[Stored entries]
⟨

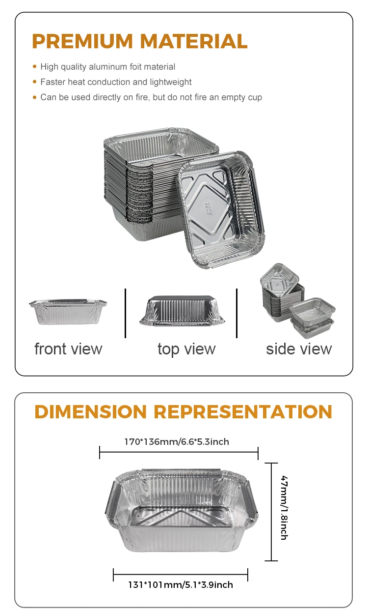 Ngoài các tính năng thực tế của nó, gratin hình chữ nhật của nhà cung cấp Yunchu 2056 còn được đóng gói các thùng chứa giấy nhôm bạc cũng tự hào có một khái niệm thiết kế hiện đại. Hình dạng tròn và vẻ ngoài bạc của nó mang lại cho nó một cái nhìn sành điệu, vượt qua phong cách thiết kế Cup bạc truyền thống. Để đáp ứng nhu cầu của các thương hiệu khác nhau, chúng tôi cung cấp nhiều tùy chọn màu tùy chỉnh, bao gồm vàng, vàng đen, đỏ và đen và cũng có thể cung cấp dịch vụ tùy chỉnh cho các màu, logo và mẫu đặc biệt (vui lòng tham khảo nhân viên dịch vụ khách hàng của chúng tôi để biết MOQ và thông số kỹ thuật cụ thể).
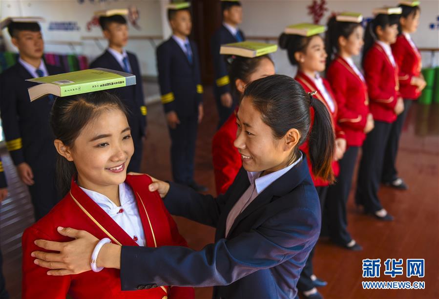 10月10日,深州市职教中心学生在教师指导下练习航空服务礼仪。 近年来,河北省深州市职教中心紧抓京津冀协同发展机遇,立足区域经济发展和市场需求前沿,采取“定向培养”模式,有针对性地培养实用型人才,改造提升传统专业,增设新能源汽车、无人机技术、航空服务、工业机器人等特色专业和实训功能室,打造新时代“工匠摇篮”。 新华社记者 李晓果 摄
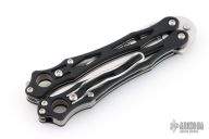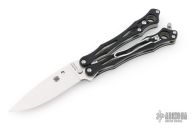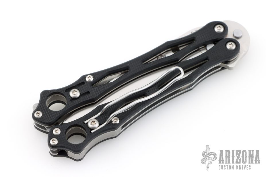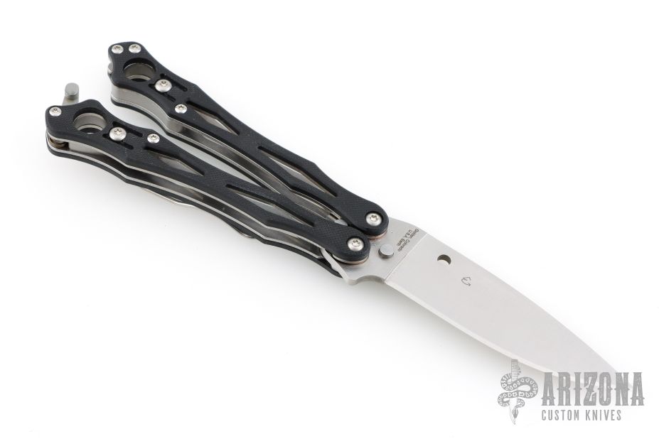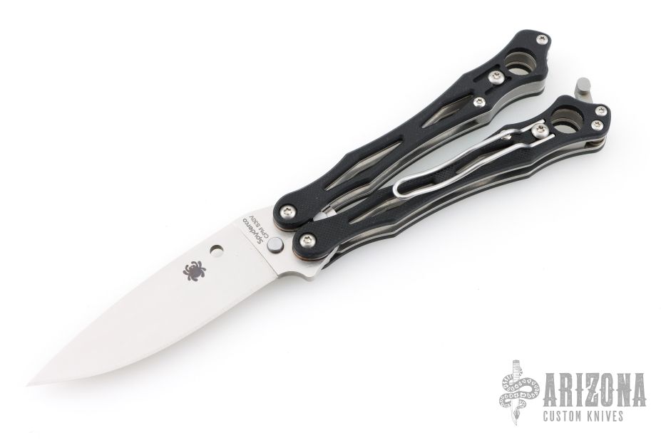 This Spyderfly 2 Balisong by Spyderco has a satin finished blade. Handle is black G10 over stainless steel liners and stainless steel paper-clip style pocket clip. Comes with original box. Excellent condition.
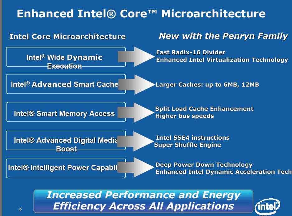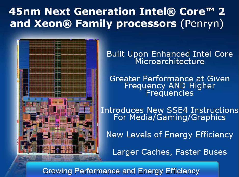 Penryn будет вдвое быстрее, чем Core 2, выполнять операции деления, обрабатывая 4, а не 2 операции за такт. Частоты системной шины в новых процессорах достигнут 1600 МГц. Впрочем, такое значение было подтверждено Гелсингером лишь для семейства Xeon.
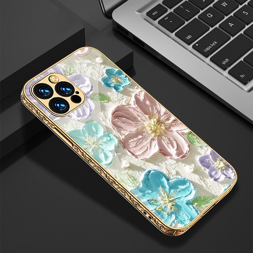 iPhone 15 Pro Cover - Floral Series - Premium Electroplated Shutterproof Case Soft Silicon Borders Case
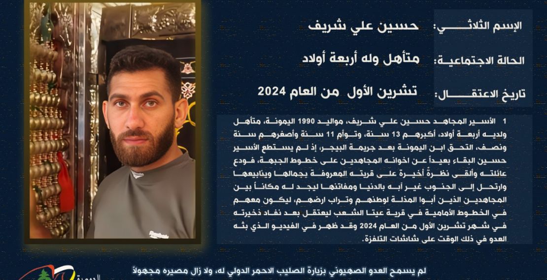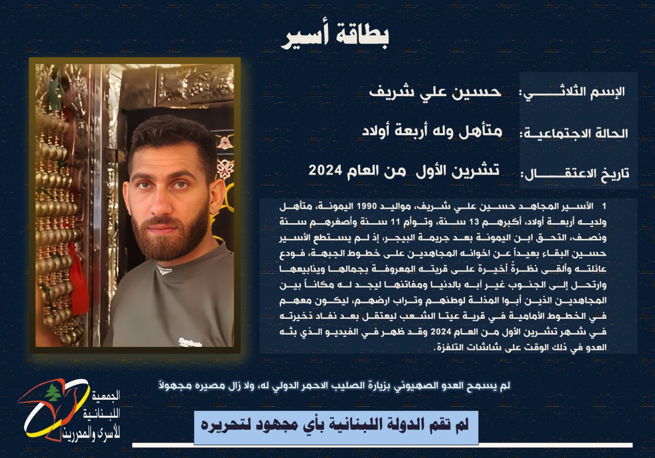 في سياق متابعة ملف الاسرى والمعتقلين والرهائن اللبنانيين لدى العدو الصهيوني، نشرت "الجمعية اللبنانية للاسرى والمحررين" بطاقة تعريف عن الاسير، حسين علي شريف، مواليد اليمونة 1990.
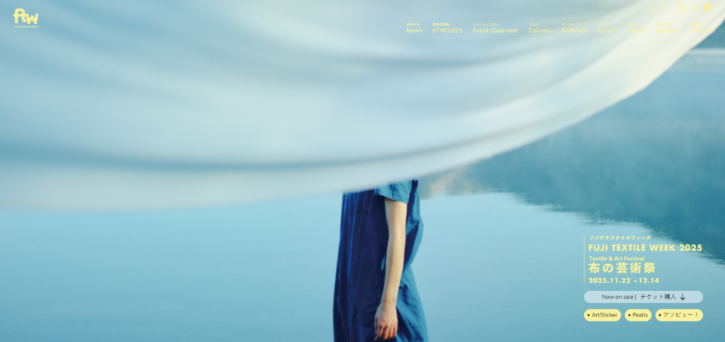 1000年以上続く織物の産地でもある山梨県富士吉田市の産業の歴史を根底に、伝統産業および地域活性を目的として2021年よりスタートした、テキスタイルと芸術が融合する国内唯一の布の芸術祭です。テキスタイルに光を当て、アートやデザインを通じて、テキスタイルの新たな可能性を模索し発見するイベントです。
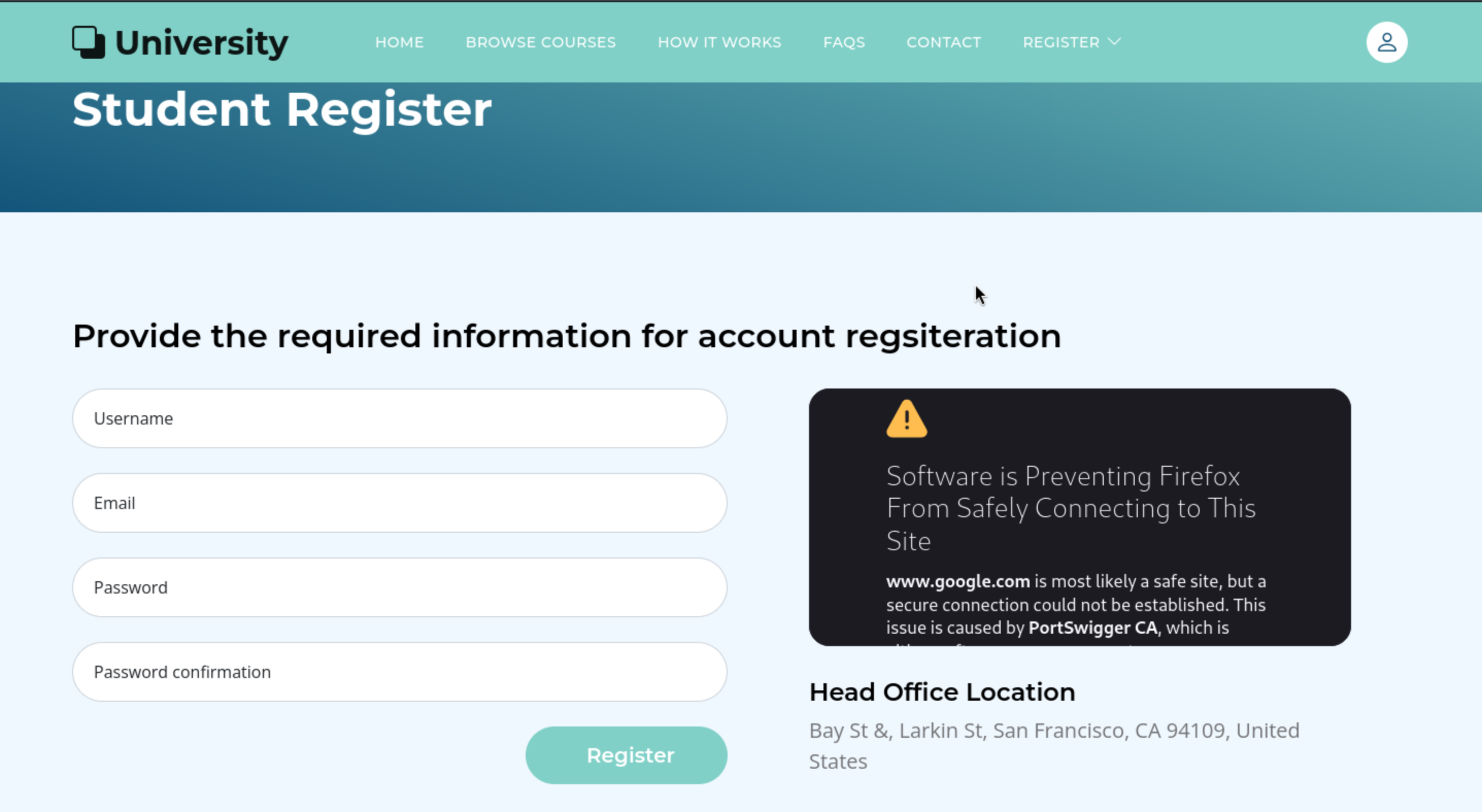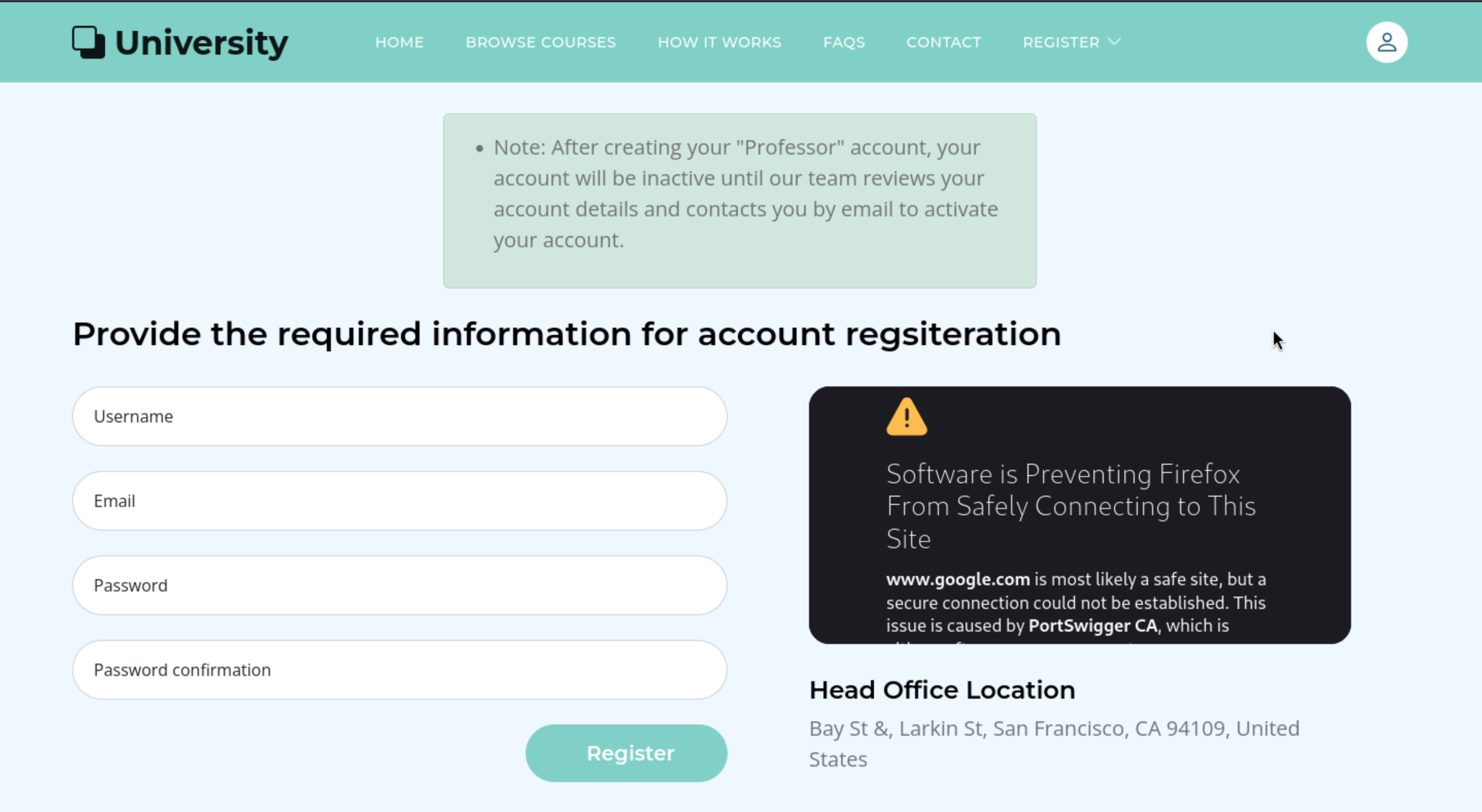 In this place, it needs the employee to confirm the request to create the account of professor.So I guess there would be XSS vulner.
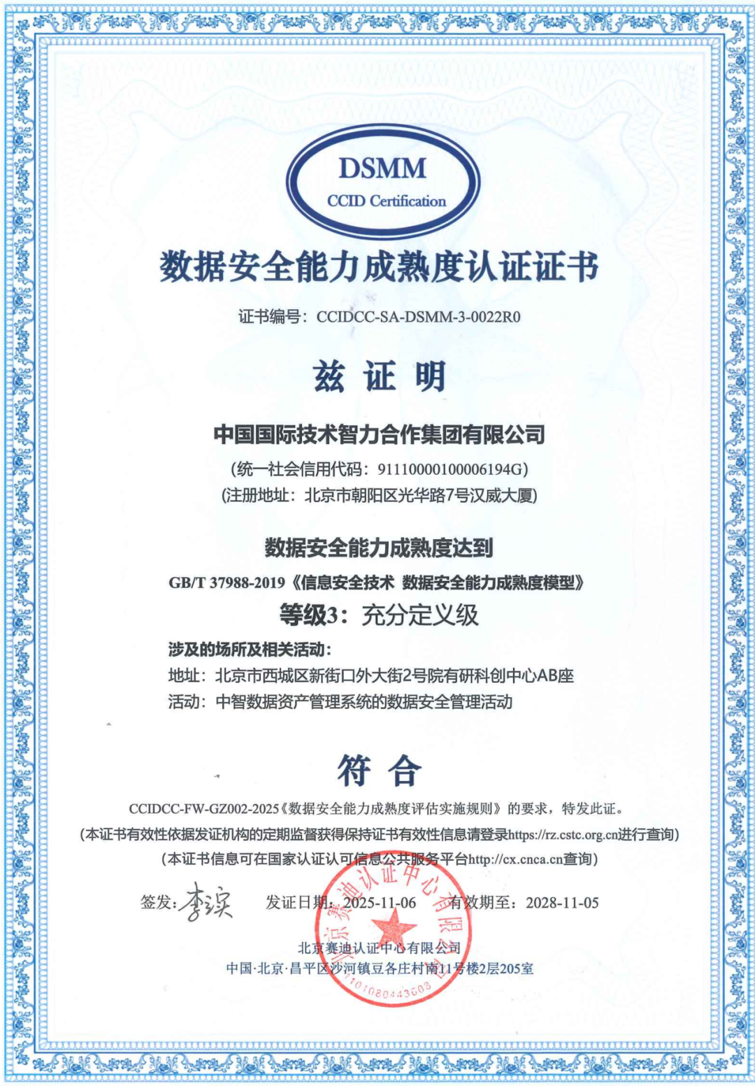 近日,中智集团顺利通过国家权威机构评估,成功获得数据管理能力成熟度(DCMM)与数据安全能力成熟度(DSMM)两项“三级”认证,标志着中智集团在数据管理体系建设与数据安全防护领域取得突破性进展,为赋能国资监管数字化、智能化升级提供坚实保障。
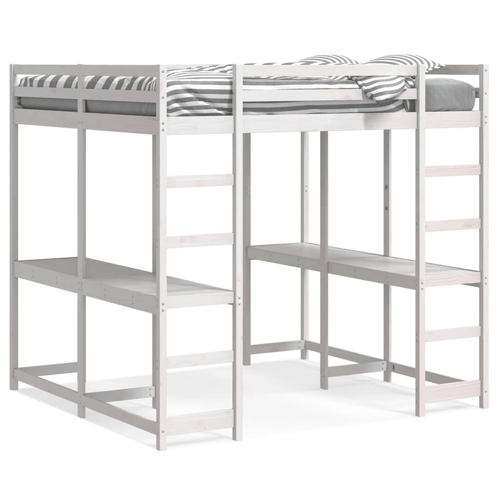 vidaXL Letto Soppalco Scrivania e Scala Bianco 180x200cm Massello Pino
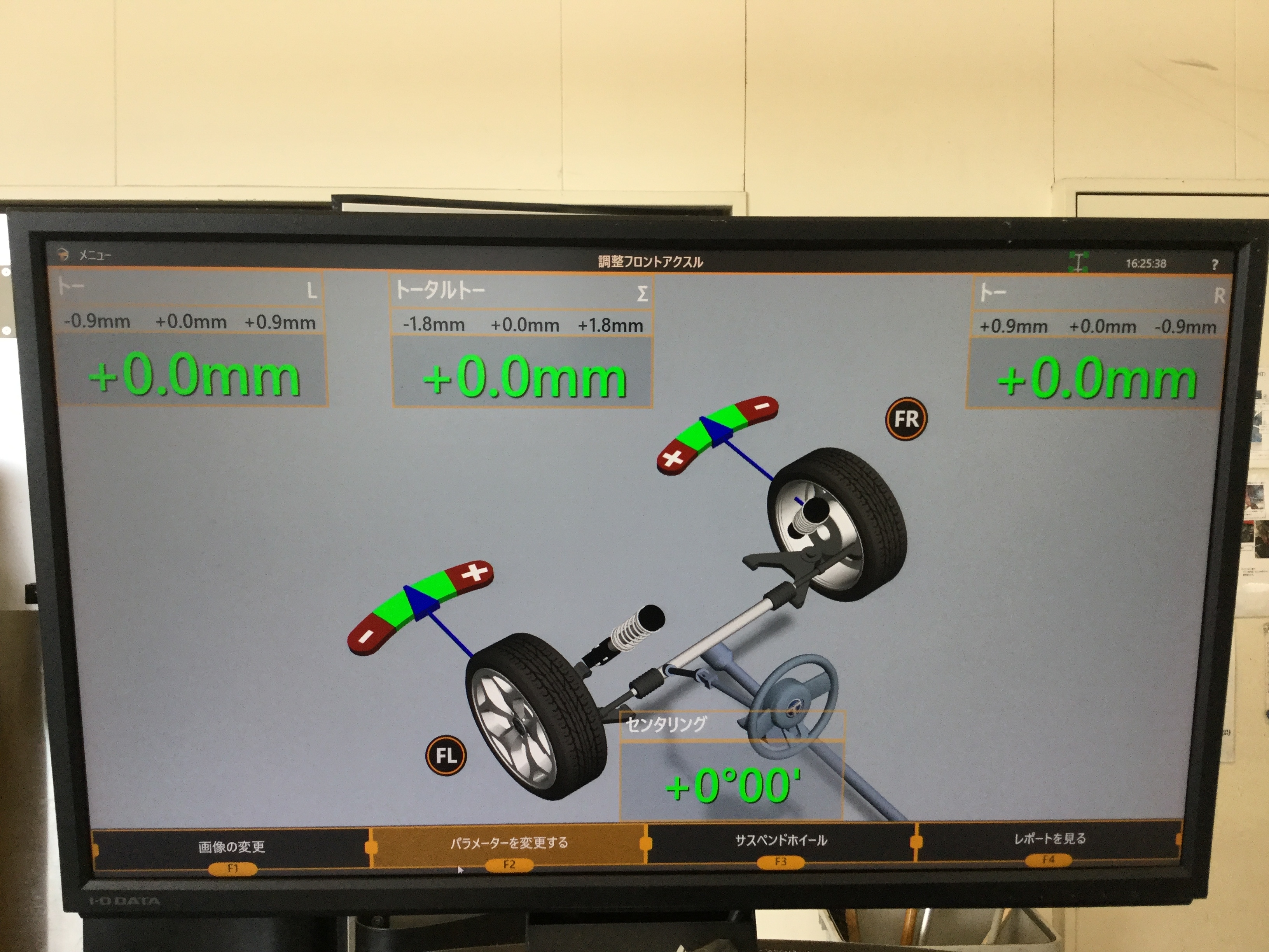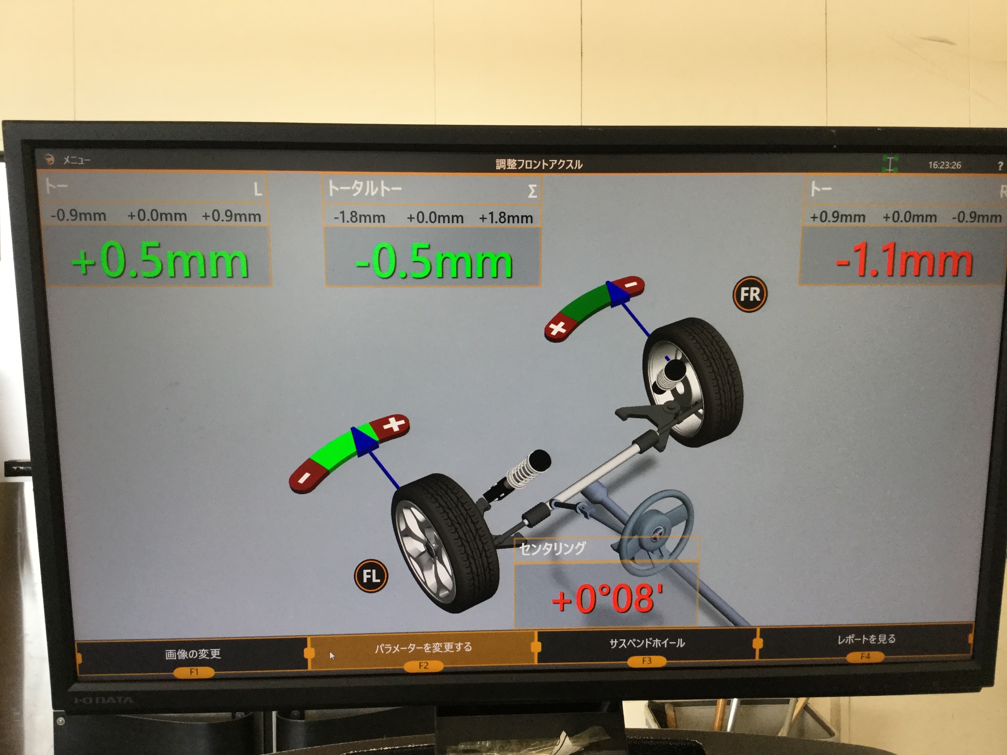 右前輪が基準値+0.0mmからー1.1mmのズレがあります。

⟩

About this exercise
Leave out the pictures, and write out exactly the lines from the line containing "vidaXL Letto Soppalco" through the end of the records above.

Task result
 vidaXL Letto Soppalco Scrivania e Scala Bianco 180x200cm Massello Pino
 右前輪が基準値+0.0mmからー1.1mmのズレがあります。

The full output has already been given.